Grilled Peach Salad with Spinach and Raspberries - detail 1

Why You’ll Love This Grilled Peach Salad

Listen, this isn’t just another salad—it’s the kind of dish that makes people ask for the recipe before they’ve even finished their first bite. Here’s why it’s special:

  • Effortless elegance: Looks fancy but comes together in under 20 minutes (perfect for when surprise guests show up!)
  • Flavor fireworks: Sweet peaches + tangy raspberries + salty feta = a party in your mouth
  • Summer’s best flavors: Uses peak-season produce at its juiciest, most vibrant moment
  • Endlessly adaptable: Throw in whatever you’ve got—swap nuts, cheese, or greens based on your mood
  • Crowd-pleaser magic: Works equally well at backyard BBQs or fancy dinner parties

Seriously, this salad checks all the boxes—it’s the recipe I reach for when I want something fresh, fast, and guaranteed to impress.

Ingredients for Grilled Peach Salad with Spinach and Raspberries

Okay, let’s talk ingredients – and I mean the good stuff. This salad is all about letting simple, fresh flavors shine, so quality matters here. Here’s exactly what you’ll need:

  • 2 ripe peaches – halved and pitted (look for ones that give slightly when gently pressed)
  • 4 cups fresh baby spinach – trust me, the tender leaves make all the difference
  • 1 cup fresh raspberries – gently rinsed and patted dry (those little guys bruise easily!)
  • 1/4 cup crumbled feta cheese – the salty tang plays so nicely with the sweet peaches
  • 1/4 cup sliced almonds – toast them first for extra crunch if you’re feeling fancy
  • 2 tablespoons olive oil – divided (1 for peaches, 1 for dressing)
  • 1 tablespoon good balsamic vinegar – splurge on the thick, syrupy kind if you can
  • Pinch of salt & freshly cracked pepper – don’t skip these! They make the flavors pop

See? Nothing complicated – just fresh, vibrant ingredients that do all the work for you. Now let’s make some magic!

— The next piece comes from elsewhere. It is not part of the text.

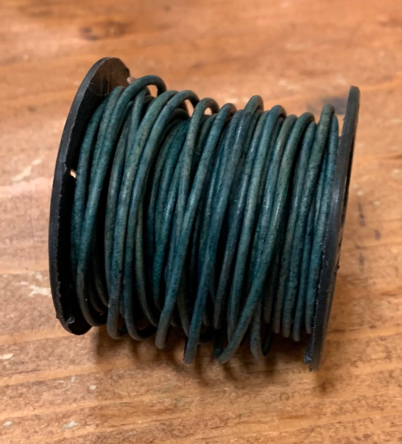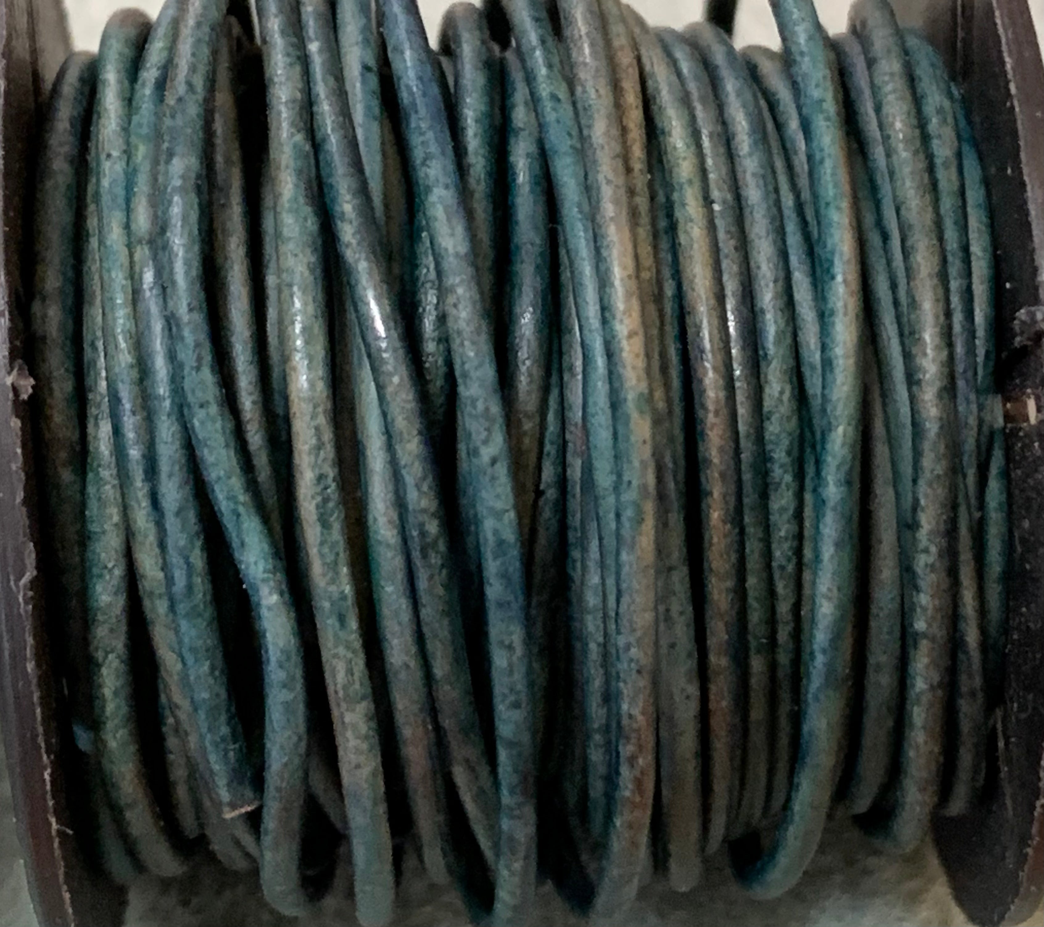 This leather is 1.5mm in diameter and sold by the spool. Each spool is approximately 33 feet (10 meters) long.

How to Make Grilled Peach Salad with Spinach and Raspberries

Alright, let’s get cooking! This salad comes together faster than you can say “summer vibes,” but there are a few key steps that make all the difference. Follow along and you’ll have restaurant-worthy results in no time.

Grilling the Peaches

First things first – fire up that grill to medium heat (about 350°F if you’re using a thermometer). While it heats, brush those gorgeous peach halves with 1 tablespoon of olive oil – this keeps them from sticking and helps get those beautiful char marks. Place them cut-side down on the grill and don’t touch them for 2-3 minutes! You’re looking for those perfect grill lines and just a hint of caramelization. Flip carefully with tongs and give the other side another 2 minutes. Warning: don’t walk away! Overcooked peaches turn mushy fast.

Assembling the Salad

While the peaches cool slightly (about 5 minutes – you want them warm but not hot enough to wilt the spinach), grab your biggest prettiest bowl. Toss in the spinach first – those tender leaves make the perfect bed. Scatter raspberries, feta crumbles, and almonds over top like you’re decorating a cake. Now slice those peaches into wedges and arrange them artfully (or just dump them in – I won’t judge!). The key here is gentle hands – we want those raspberries to stay whole for those juicy bursts of flavor.

Making the Dressing

This couldn’t be simpler – whisk together the remaining olive oil, balsamic vinegar, a pinch of salt, and a few cracks of black pepper in a small bowl. Taste it! Need more tang? Add a splash more vinegar. Too sharp? Drizzle in another teaspoon of oil. When it’s perfectly balanced, drizzle it over your salad masterpiece right before serving.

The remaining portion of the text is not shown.